Spirals: The whorls are faintly keeled above the middle by a spiral thread, which is slightly stronger and more prominent than the others. Close above the suture is another thread, almost as strong, which slightly carves the whorls. Halfway between these is a finer thread that tends to split into two very fine threads. At the suture, but visible beyond the mouth, is another thread that defines the base here.

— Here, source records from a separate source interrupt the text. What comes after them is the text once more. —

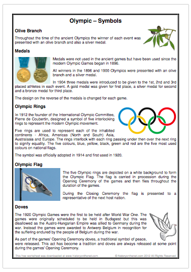 A two-page information sheet giving information about Olympic symbols.
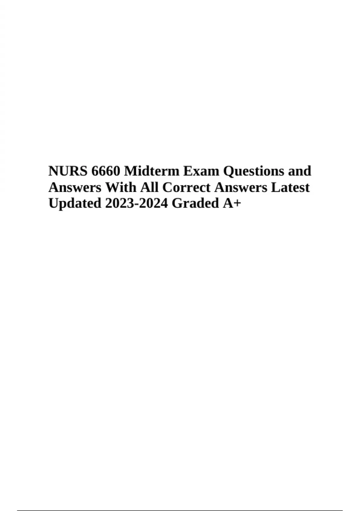 NURS 6660 Midterm Exam Questions and Answers With All Correct Answers Latest Updated & NURS 6660 Midterm Exam Questions With Answers Latest Graded A+ (100% VERIFIED)
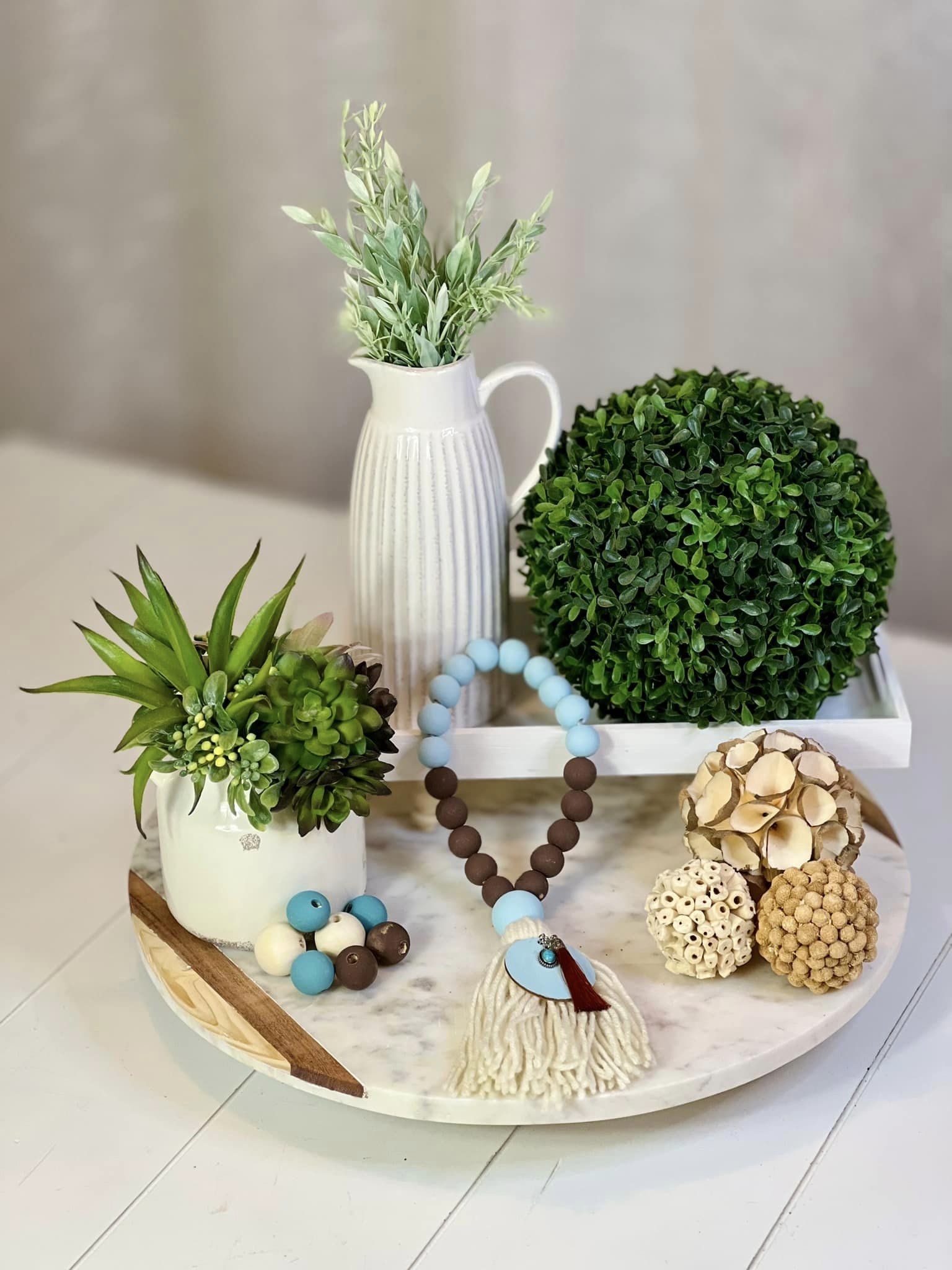 This hand-dyed wood bead garland makes a nice decorative accent and pop of color for your coffee table, bookshelf or decorative bowl. Round your flower vase, or just simply set on your table
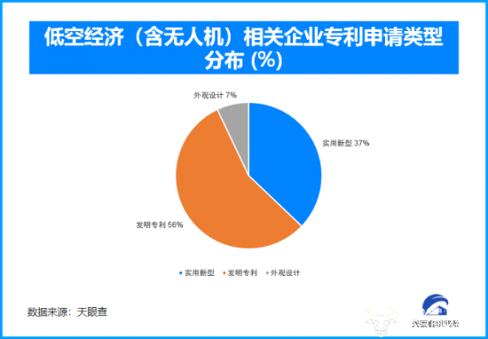 天眼查专业版数据显示,在低空经济、无人机领域的相关专利申请数量截至目前已达到17.9万余件。其中,发明专利占到56%的比值,充分说明了该领域的技术基因;实用新型专利占比37%;外观设计占比7%。
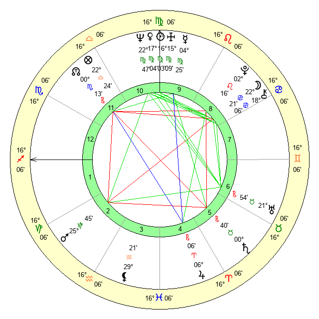 | Venus | 17 Virgo 5 | 17 Leo 59 | 4 Capricorn 18 |
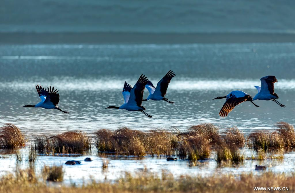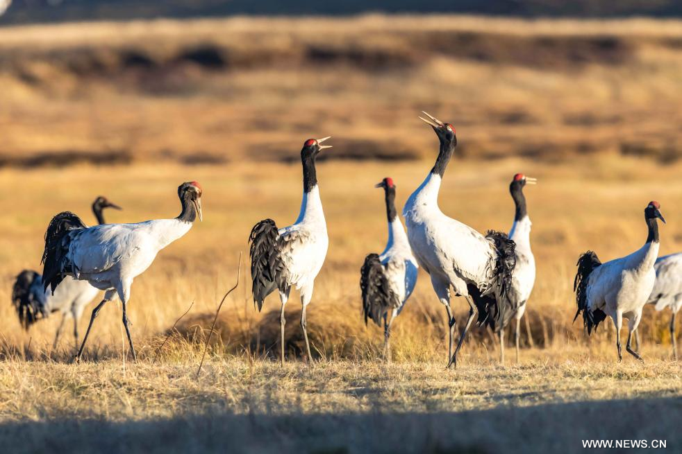طيور الكركي سوداء العنق في جنوب غربي الصين
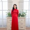 Áo Dài Cưới Cô Dâu Lụa Đỏ Vòng Hoa – CDĐ4
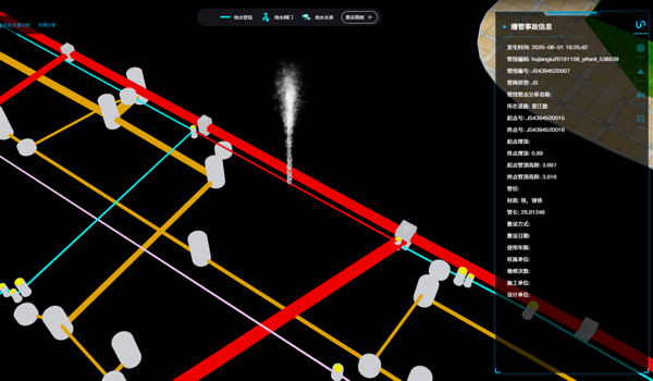 多样的三维特效场景(白天/夜晚、实景/虚拟化场景、晴朗/雨/雪/雾、离子特效),保证了信息在3D场景下的逼真呈现。支持城市运营管理阶段的场景特效,如爆管、水淹、火灾、烟雾;支持自然现象及模拟仿真,如风、雨、水、火、地震等。
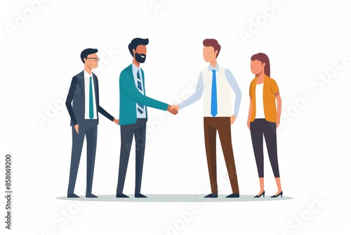 Four business professionals stand in a group, two men shaking hands, a symbol of collaboration and success.
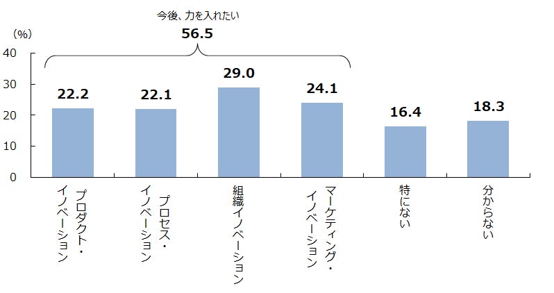 今後、イノベーション活動に力を入れたいと考えている企業は56.5%だった。タイプ別では、いずれも2割台となっていたが、なかでも「組織イノベーション」が29.0%で最も高かった(複数回答、以下同)。業務遂行の方法や手順などの業務慣行、権限の移譲、仕事の割り振り・編成などの職場組織、社外との関係構築といったイノベーションを通じて新しい変革を進めていこうとする認識が高くなる傾向がうかがえる。
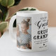 Modern great-grandmother picture mug featuring the cute saying "you put the great in great grandma", 2 photos of the grandchildren, a heart, their names, and the caption "grandmas hold our tiny hands for just a little while, but our hearts forever".
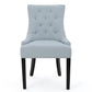 Chen Dining Chair Set of 2, Espresso Wood, Light Blue Button Tufted
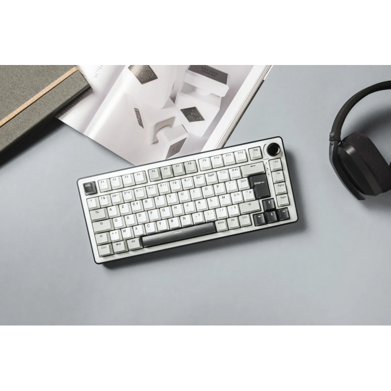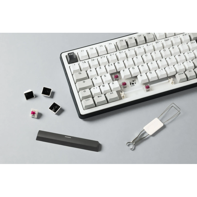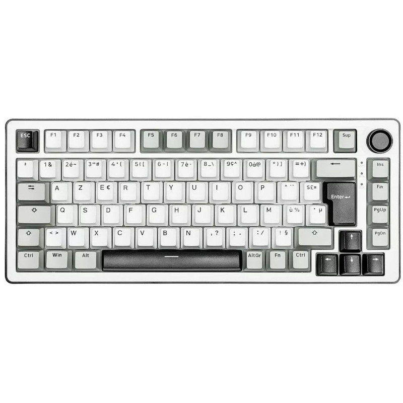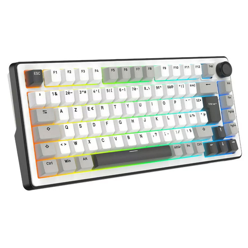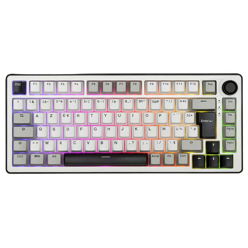 Clavier gaming G-LAB KEYS ELITE 300 TKL - Touches : PBT double injection ultra-résistantes - Disposition : AZERTY Français - Switchs : Mécaniques linéaires pré-lubrifiés, hot-swappable - Structure : Gasket 5 couches – frappe fluide, silencieuse et amortie - Taux de rafraîchissement : 1000 Hz – réactivité instantanée (latence < 1 ms) - Anti-ghosting 100% NKRO - Rétroéclairage : RGB personnalisable (touches + côtés) - Raccourcis multimédias : 12 raccourcis + molette de contrôle multimédia - Type de connexion : Triple mode : 2.4 GHz / Bluetooth / Filaire - Batterie 4000 mAh - Autonomie : jusqu’à 80h d’utilisation - Compatibilité : Windows et Mac/XBOX/PS4/PS5 - Poids : 1.1 Kg - Couleur Blanc - Garantie 1an
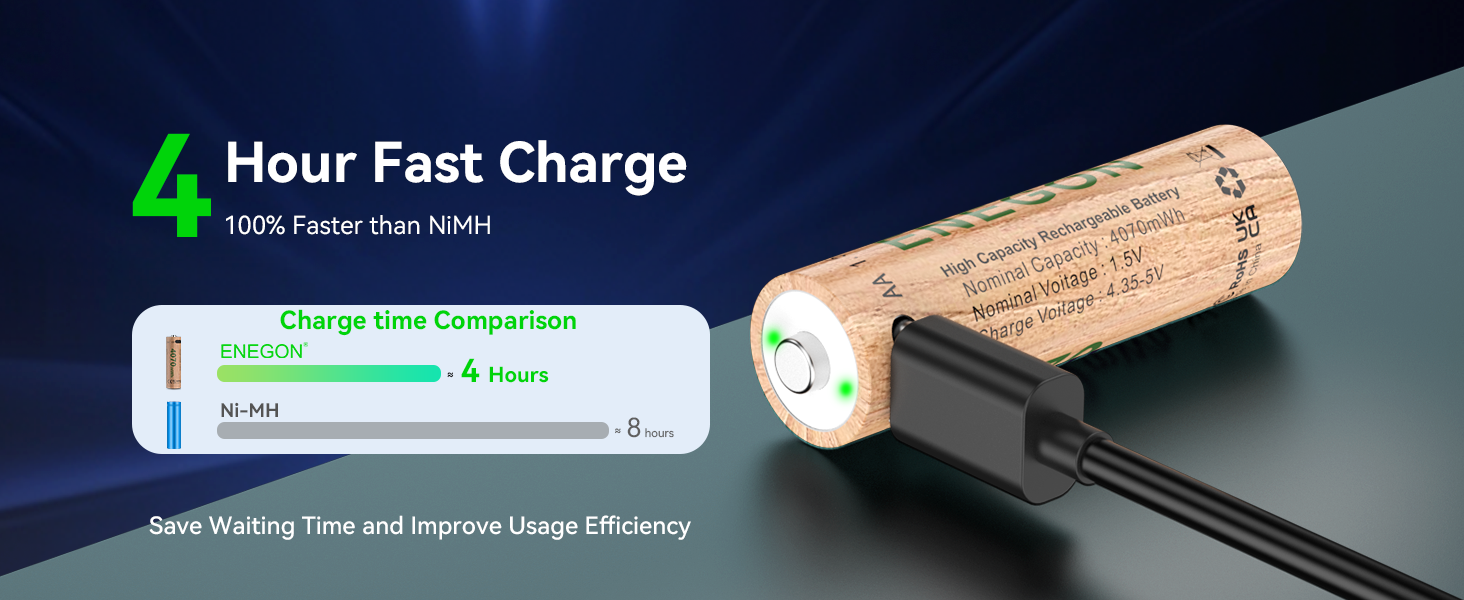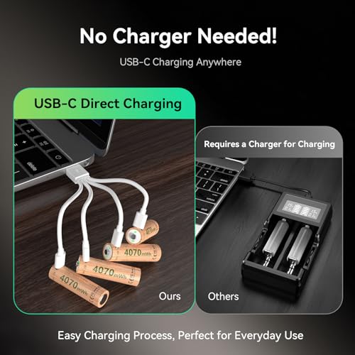 - ✔️【No Dedicated Charger Needed】Comes with A USB-C charging cable (1-to-4 design) is included in the package. AAA batteries fully charge in approximately 1 hour, while AA batteries take around 4 hours. You can charge up to 4 batteries simultaneously – no separate charger or tedious waiting is required. Recharge quickly via your laptop, car USB port, or power bank for on-the-go top-ups, effortlessly achieving efficient charging anytime, anywhere. Whether you’re traveling, camping, or using the batteries for daily purposes, you can enjoy a fast, safe, and hassle-free charging experience.
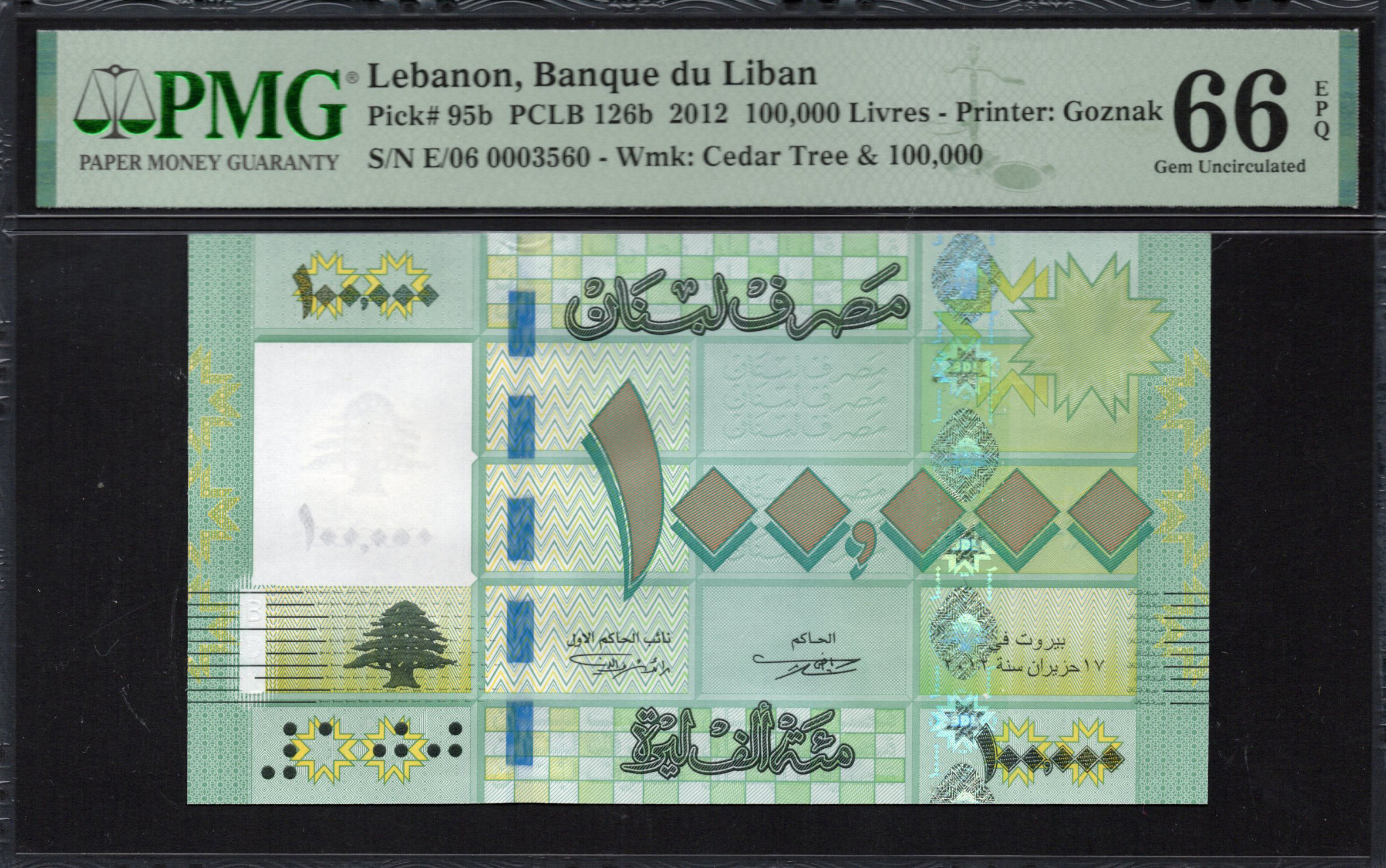 Lebanon - 100.000 Livres 2012 - Pick # 95b - PMG 66 EPQ
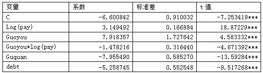 刘馨竹 东北财经大学 摘要:现阶段,随着社会主义市场经济的逐渐发展,上市公司数量的增多,委托——代理问题日渐成为我国资本市场发展亟待解决的问题,而高管薪酬则是委托——代理问题中最为核心与关键的问题。本文运用统计学和数学的理论方法,利用SPSS和Eviews软件,深入研究高管薪酬与公司绩效的关系,深入了解影响公司绩效的因素,包括高管薪酬、股权激励、负债率与股权集中度等,进而促进公司及资本市场的进一步发展。 关键词:高管薪酬;公司绩效 随着经济的发展,委托-受托关系日益成为上市公司管理制度的主流。现代公司治理理论认为,委托人和代理人具有不同的经济利益,及信息不对称的问题,因此,代理成本不可避免。大多数公司高管是风险规避型,而公司股东属于风险中性。如何尽可能地发挥职业经理人的作用,提高公司的绩效成为资本市场亟待解决的问题。近来,有多种研究表明,高管薪酬与公司绩效存在相关关系。本篇论文将进一步研究高管薪酬与公司绩效之间的相关关系。 一、被解释变量 评价公司绩效的指标有很多,包括总资产收益率、净资产收益率、营业收入增长率等等,也可以通过主成分分析法,将这些进行组合。但是本论文中,我们选择总资产收益率(gongsi)这一指标来衡量上市公司的经营绩效。 二、解释变量 (一)高管薪酬(pay) 在这篇论文中,我们认为高管薪酬不仅包括从公司领取的工资、津贴、奖金和福利,同时也包括每年根据持股数量分得的股利。而这里的高管并不考虑上市公司财务报表中披露的全部职工薪酬,而是选择高管前三名薪酬之和的平均数进行估计。 (二)股权激励(guquan) 根据委托——代理理论,公司高管会持有一定数量的公司股票,而高管所持股票的数目也可衡量一个公司对该理论的践行程度。我们采用的是上市公司所有高管所持股票的数目/上市公司总股数这一指标衡量高管所持的股票数目,因为该因素也会对公司绩效产生影响。 (三)公司规模(SIZE) 本论文中用ln(公司总资产)这一指标来衡量公司的规模,该指标数值越大,代表公司的规模越大。 (四)负债率(DEBT)公司总负债/公司总资产 公司的负债情况可以间接地表明公司的经营状况与资产结构,同时会在很大程度上对公司的总资产收益率产生影响。 (五)股权集中度(Z)公司第一大股东/公司总股数 股权集中度高的公司,大股东相当于其他股东而言拥有更多的公司股权,其利益与公司的利益联系的更为密切。因此他们有动力加强对公司经营者的监督,如对高管业绩与薪酬状况的监督,同时监督也是更有效的。 (六)虚拟变量(guoyou)(国企(1)or非国企(0)) 国有企业因受国资委的控制,决策并不由高管完全决定。因此,在进行分析时,要将国有企业与非国有企业分开进行分析。 三、行业选择 选取的上市公司为证监会对上市公司的次级分类下的软件和信息技术服务业。因为软件和信息技术服务业属于高新行业,高管的决策在很大程度上对公司绩效有重大的影响,因此选此行业进行分析。 四、共线性的识别 首先,运用相关系数法计算模型中解释变量的两两相关系数,得到如下结果: 表1 ![]() size变量与guquan变量的相关系数达到-0.51,共线性程度较高,其他例如guquan变量与pay1变量之间的相关系数值也很高,所以模型可能存在共线性问题,运用逐步回归法来减小共线性: 首先用公司绩效gongsi变量对每个解释变量做二元回归: (一)gongsi与ln(pay) (上图中的pay1)变量:R^2=0.472704 (二)gongsi与debt变量:R^2=0.333316 (三)gongsi与guquan变量:R^2=0.063496 (四)gongsi与size变量:R^2=0.019646 (五)gongsi与Z变量:R^2=0.003541 其次按照R^2大小进行排序,逐一加入方程之中发现当size加入方程后,原来变量的显著性发生了改变,所以在后面的分析中我们剔除了size这一变量,以控制后续分析的共线性程度。 五、回归分析 引入模型的解释变量包括:高管薪酬ln(pay),负债率debt, 高管持股比例guquan, 股权集中度z,及虚拟变量(guoyou),被解释变量为公司绩效gongsi 表2 ![]() 仅有log(pay)这一变量显著,其余变量皆不显著;但考虑到其为截面数据,故观察其残差图,发现:可能存在异方差的问题。 ![]() 图1 六、异方差的识别与解决 采用white检验识别异方差: 原假设:模型不存在异方差 备择假设:模型存在异方差 表3 ![]() 因此,在0.06的显著性水平上可以拒绝原假设。因此,方程存在异方差,且得出这一结论的把握为94%。 通过Eviews7的操作,得到加权最小二乘后的结果: 表4 ![]() 在显著性水平为0.05的条件下,最终的回归方程为: Gongsi=-6.6+3.15*LOG(PAY)+7.92*guoyou-1.48GUOYOU*LOG(PAY)-7.96*debt-5.26*guquan (18.87229) (4.583332) (-4.671392) (-13.59284) (-9.517268) R^2= 0.989329 DW=1.730318 表5 ![]() *表示变量在0.1水平下显著,**表示变量在0.05水平下显著,***表示变量在0.01水平下显著 七、对模型的解释 (一)公司绩效与高管薪酬 从回归方程中可以得到公司绩效与高管薪酬成正向相关关系,高管薪酬越高,公司绩效越好。 (二)公司绩效与国有企业变量 由题可得,国有企业虚拟变量既会影响截距,也会影响斜率,但是国有企业的高管薪酬的公司绩效的影响程度小于非国有企业的高管薪酬的公司绩效的影响程度。 (三)公司绩效与负债率 负债率越高,公司绩效越差。可能的原因在于企业的经营出现问题,所以其负债率高,会支付高昂的利息费用等,影响公司的效率,进而会影响公司绩效。 (四)公司绩效与股权集
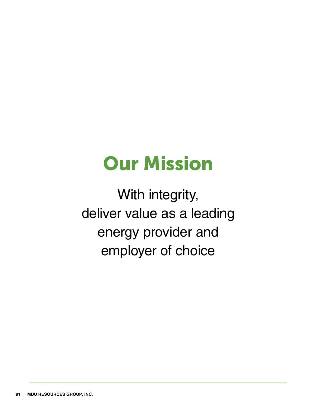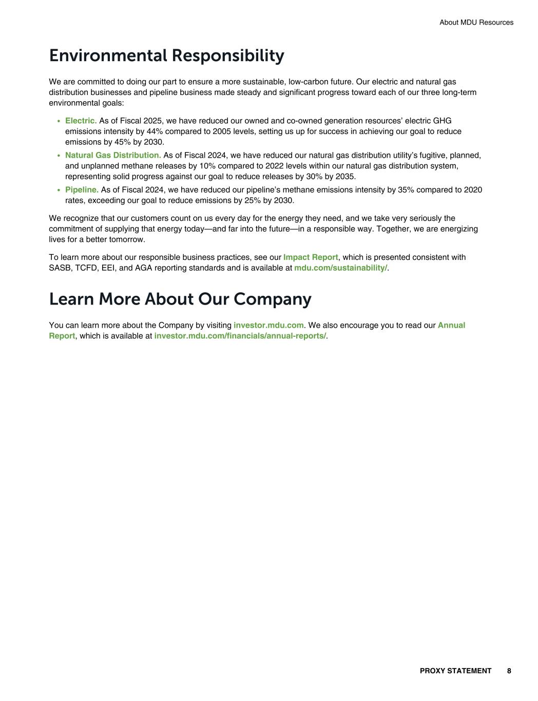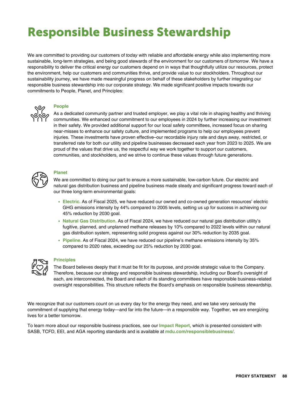 Responsible Business Stewardship We are committed to providing our customers of today with reliable and affordable energy while also implementing more sustainable, long-term strategies, and being good stewards of the environment for our customers of tomorrow. We have a responsibility to deliver the critical energy our customers depend on in ways that thoughtfully utilize our resources, protect the environment, help our customers and communities thrive, and provide value to our stockholders. Throughout our sustainability journey, we have made meaningful progress on behalf of these stakeholders by further integrating our responsible business stewardship into our corporate strategy. We made significant positive impacts towards our commitments to People, Planet, and Principles: People As a dedicated community partner and trusted employer, we play a vital role in shaping healthy and thriving communities. We enhanced our commitment to our employees in 2024 by further increasing our investment in their safety. We provided additional support for our local safety committees, increased focus on sharing near-misses to enhance our safety culture, and implemented programs to help our employees prevent injuries. These investments have proven effective–our recordable injury rate and days away, restricted, or transferred rate for both our utility and pipeline businesses decreased each year from 2023 to 2025. We are proud of the values that drive us, the respectful way we work together to support our customers, communities, and stockholders, and we strive to continue these values through future generations. Planet We are committed to doing our part to ensure a more sustainable, low-carbon future. Our electric and natural gas distribution business and pipeline business made steady and significant progress toward each of our three long-term environmental goals: • Electric. As of Fiscal 2025, we have reduced our owned and co-owned generation resources’ electric GHG emissions intensity by 44% compared to 2005 levels, setting us up for success in achieving our 45% reduction by 2030 goal. • Natural Gas Distribution. As of Fiscal 2024, we have reduced our natural gas distribution utility’s fugitive, planned, and unplanned methane releases by 10% compared to 2022 levels within our natural gas distribution system, representing solid progress against our 30% reduction by 2035 goal. • Pipeline. As of Fiscal 2024, we have reduced our pipeline’s methane emissions intensity by 35% compared to 2020 rates, exceeding our 25% reduction by 2030 goal. Principles The Board believes deeply that it must be fit for its purpose, and provide strategic value to the Company. Therefore, because our strategy and responsible business stewardship, including our Board’s oversight of each, are interconnected, the Board and each of its standing committees have responsible business-related oversight responsibilities. This structure reflects the Board’s emphasis on responsible business stewardship. We recognize that our customers count on us every day for the energy they need, and we take very seriously the commitment of supplying that energy today—and far into the future—in a responsible way. Together, we are energizing lives for a better tomorrow. To learn more about our responsible business practices, see our Impact Report, which is presented consistent with SASB, TCFD, EEI, and AGA reporting standards and is available at mdu.com/responsiblebusiness/. PROXY STATEMENT 88

The longitudinal lines rise into very small tubercles as they cross the spirals; however, this feature is much stronger on the upper whorls, which appear reticulated. On the last whorl, the effect is feeble. Three very fine, equally spaced threads lie between the keel and the suture. The base and snout bear about twelve relatively equal, fine threads.

The colour of the shell is a faintly yellowish grey. The epidermis is extremely thin and smooth.

The spire is conical with an almost unbroken profile, as the whorls are scarcely convex. There are barely two embryonic whorls in the protoconch; they are smooth and globose, not flattened down at the tip, which, however, is slightly immersed. There are 7 whorls in total. They are feebly keeled with a just-perceptibly concave line running from the suture to the keel, and from the keel to the suture below. Just above the suture, there is a slight contraction that forms a faint superior margination. The body whorl is very slightly swollen; the base contracts rather rapidly and is drawn out into a rather long, straight, but not narrow snout. The suture is distinct and impressed.

The aperture is almost club-shaped, being pointedly oval above, with a longish, rather sinuous siphonal canal below.

The outer lip forms a regular curve until it reaches the siphonal canal, where it becomes flattened and oblique. From the body, it immediately retreats to form the rather deep, rounded, open-mouthed sinus. From the sinus, it advances on a very straight line to the edge of the siphonal canal in front, where it bends slowly and slightly backward. The outer lip is open throughout but is not flaring except at the point of the canal.

The inner lip spreads as a narrow porcellanous glaze on the body and columella. It is slightly hollowed out on the body and is straight on the columella. Toward the front of the columella, it is cut off with a narrow, rounded, and very slightly oblique edge.

==Distribution==
This marine species occurs off New Zealand and off Tasmania (Australia).

This species is typically found in deep-sea environments, where it plays a role in the complex marine ecosystem as a predator or scavenger.